INSTRUCTIONS FOR THE TASK - Transcribe every line from the one containing "本产品采用特制隔离模块,对电" to the end of the listing, exactly as written, and leave out the pictures.

§

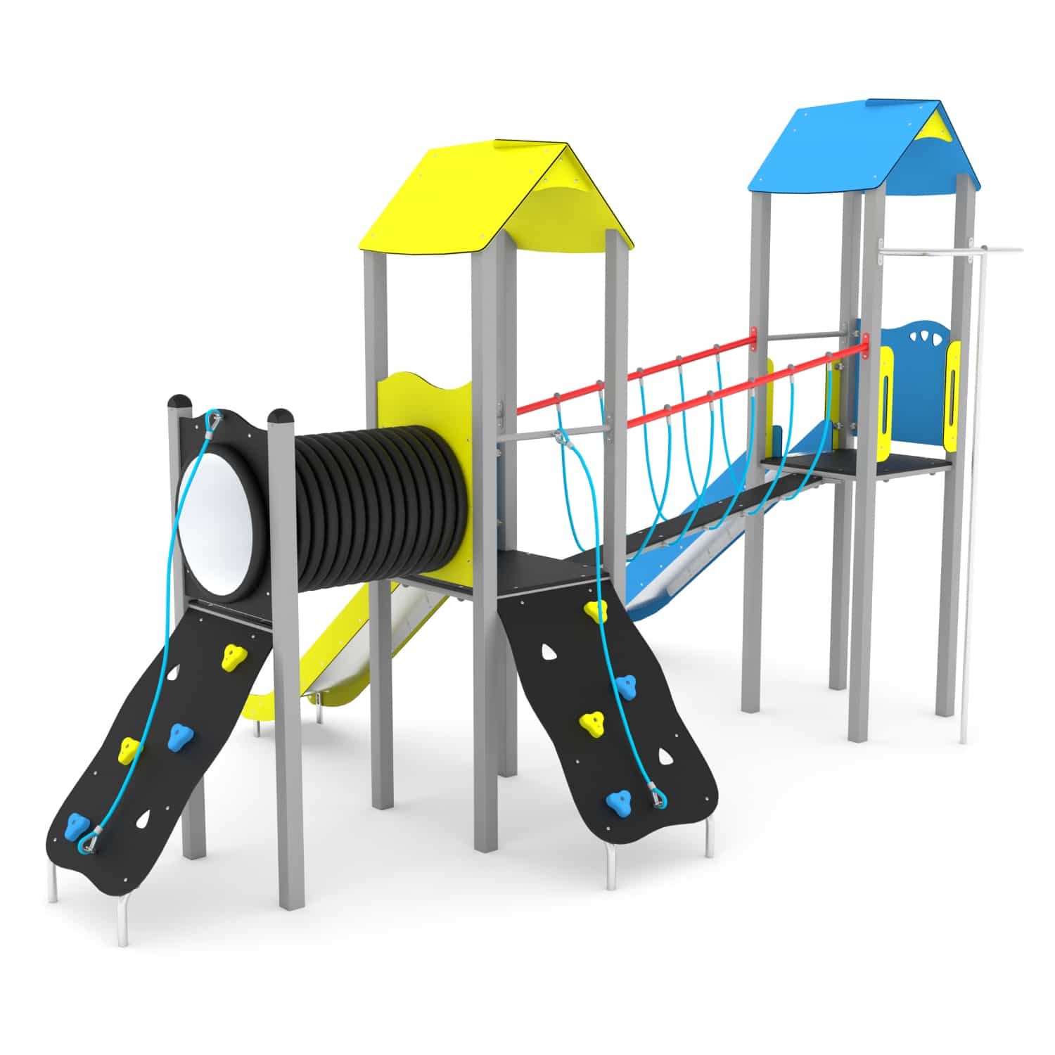 De STEEL-serie bestaat uit klassieke structuren die onbeperkt plezier bieden voor oudere kinderen. De apparatuur uit deze serie kan perfect worden aangepast aan de behoeften van kinderen en de beschikbare ruimte. Rijen van torens verbonden door verschillende aantrekkelijke beweegbare elementen zorgen voor een geweldig oefenterrein voor motorische coördinatie. Ze laten een grote groep kinderen tegelijkertijd spelen, wat helpt om relaties op te bouwen en ook teamwork en gezonde concurrentie leert.
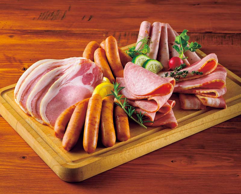 特級ロースハム100g・特級ベーコン90g・上級トマトリオナソーセージ110g・特級ボロニアソーセージ110g・ソフトサラミ120g、特級ウインナー(あらびき・ピリ辛)各140g
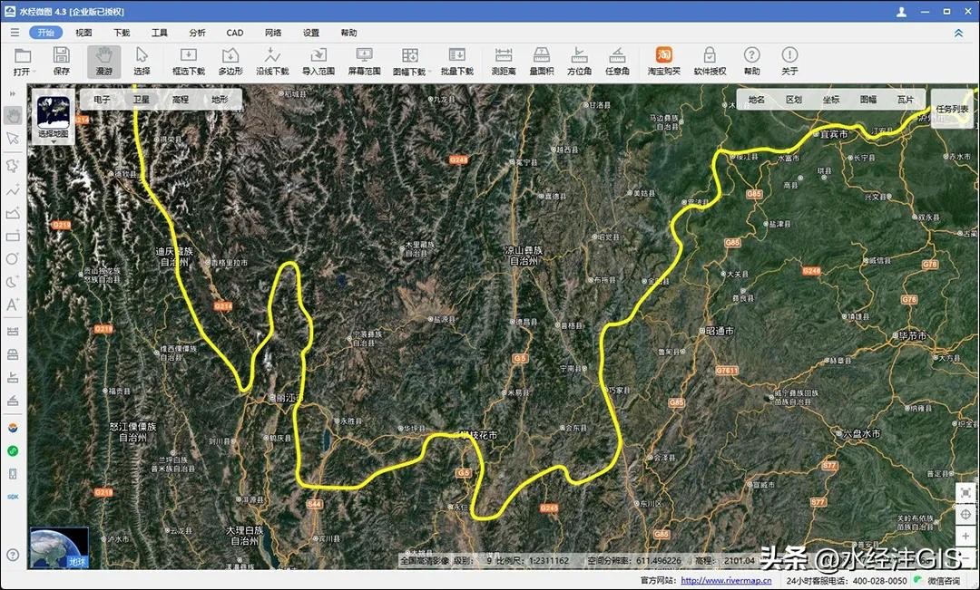 金沙江拐弯北上之后,又经历了一波三折,再次南下到了更靠南的地方,继而拐弯往东,又往东北。
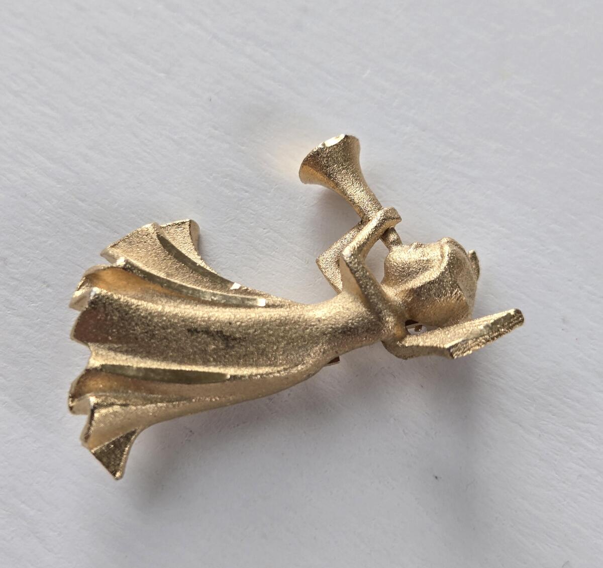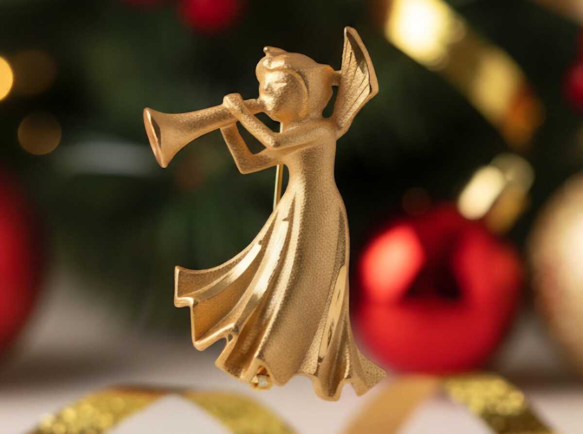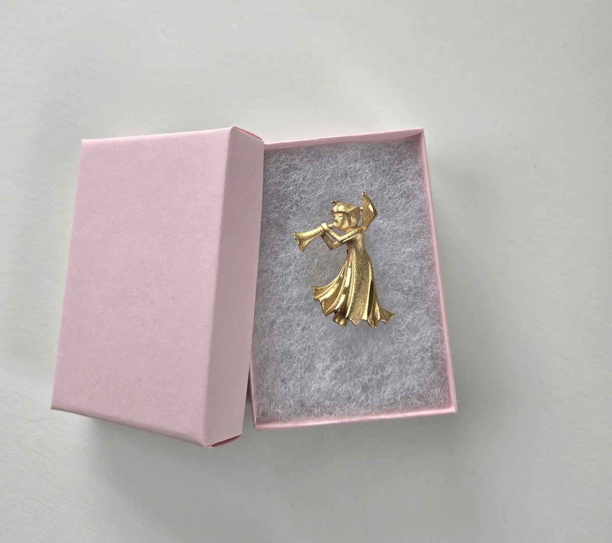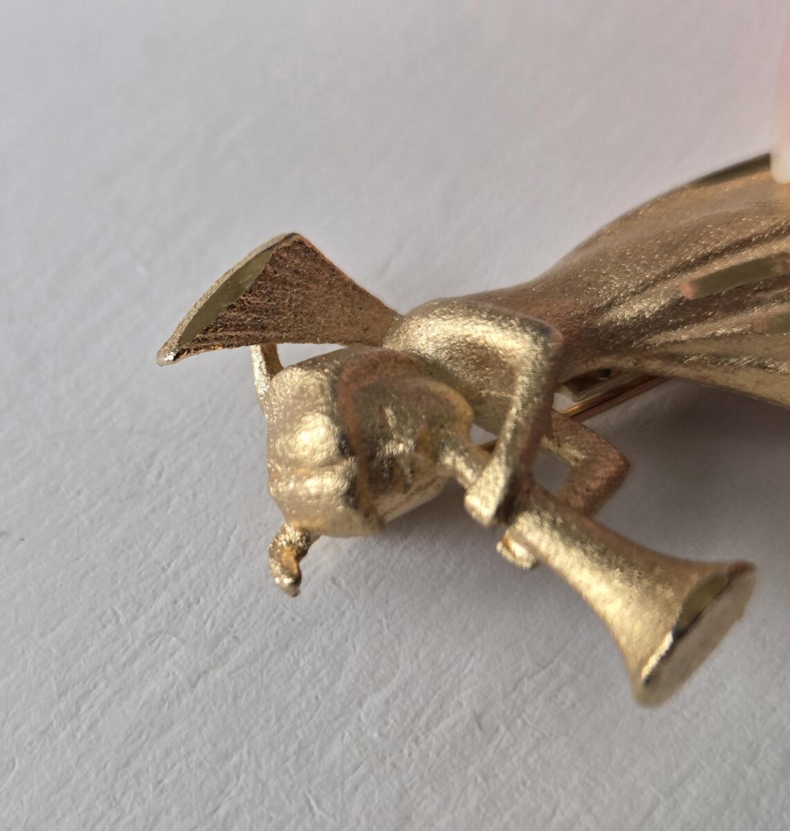 ?Style/Features: Bring a unique, joyful chime to your holiday with this charming gold herald angel pin. A truly standout piece it features brushed gold tone with shiny gold details. Just 1 inch tall this miniature vintage brooch is a perfectly detailed piece. What makes this angel special is the delightful pigtails! This whimsical touch gives the traditional trumpet-blowing angel a youthful one-of-a-kind character you won't find anywhere else. As a herald angel she symbolizes the joyful proclamation of the season, making her the perfect accessory. Tie up with ribbon and create an heirloom Christmas tree ornament to last a lifetime. Perfect size for lapels, coats, backpacks lanyards. Ships in a crisp pink box ready for red ribbon gifting.
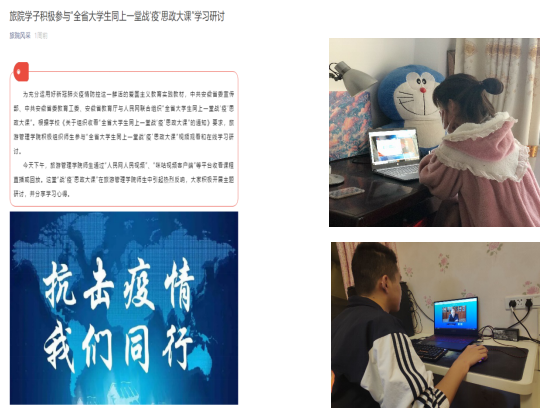 4月23日下午2:30分,根据学校《关于组织收看“全省大学生同上一堂战‘疫'思政大课”的通知》要求,旅游管理学院共有24个班级在线上开展了同上一堂战疫思政大课的活动。本次课程由网课形式展现,通过这种形式既丰富了同学们有关疫情的相关知识,又感受到了线上教学带给我们的便利。总体来说,此次我院同上一堂战疫思政大课学习研讨非常有意义
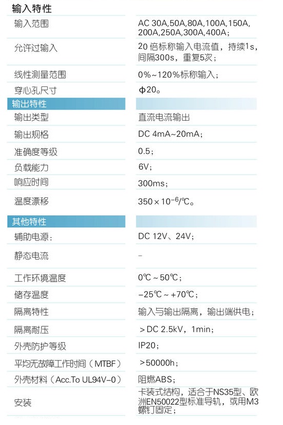 本产品采用特制隔离模块,对电网和电路中的交流电流进行实时测量,将其变换为二线制的标准直流电流(IZ)输出;具有高精度、高隔离、低功耗、低漂移,接线简单,抗干扰能力强,便于信号远传等特点。本产品采用卡装式结构,端子接线,安装方便,适用于电源设备、电力网监测自动化系统、工控监测系统、铁路信号系统等。
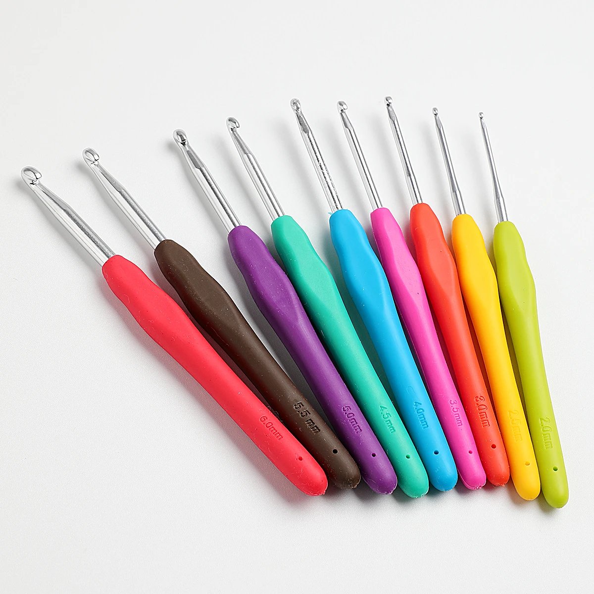 9pcs Soft Handle Crochet Needles Size2.0mm/2.5mm/3.0mm/3.5mm/4.0mm/4.5mm/5.0mm/5.5mm/6.0mm
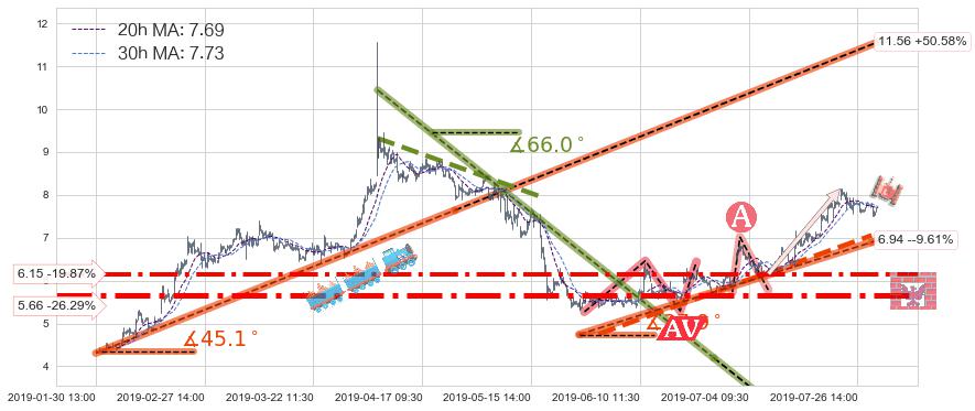 ♞ 20小时均线:7.69,30小时均线:7.73→ 快线<慢线

§

YOUR SOLUTION -
 本产品采用特制隔离模块,对电网和电路中的交流电流进行实时测量,将其变换为二线制的标准直流电流(IZ)输出;具有高精度、高隔离、低功耗、低漂移,接线简单,抗干扰能力强,便于信号远传等特点。本产品采用卡装式结构,端子接线,安装方便,适用于电源设备、电力网监测自动化系统、工控监测系统、铁路信号系统等。
 9pcs Soft Handle Crochet Needles Size2.0mm/2.5mm/3.0mm/3.5mm/4.0mm/4.5mm/5.0mm/5.5mm/6.0mm
 ♞ 20小时均线:7.69,30小时均线:7.73→ 快线<慢线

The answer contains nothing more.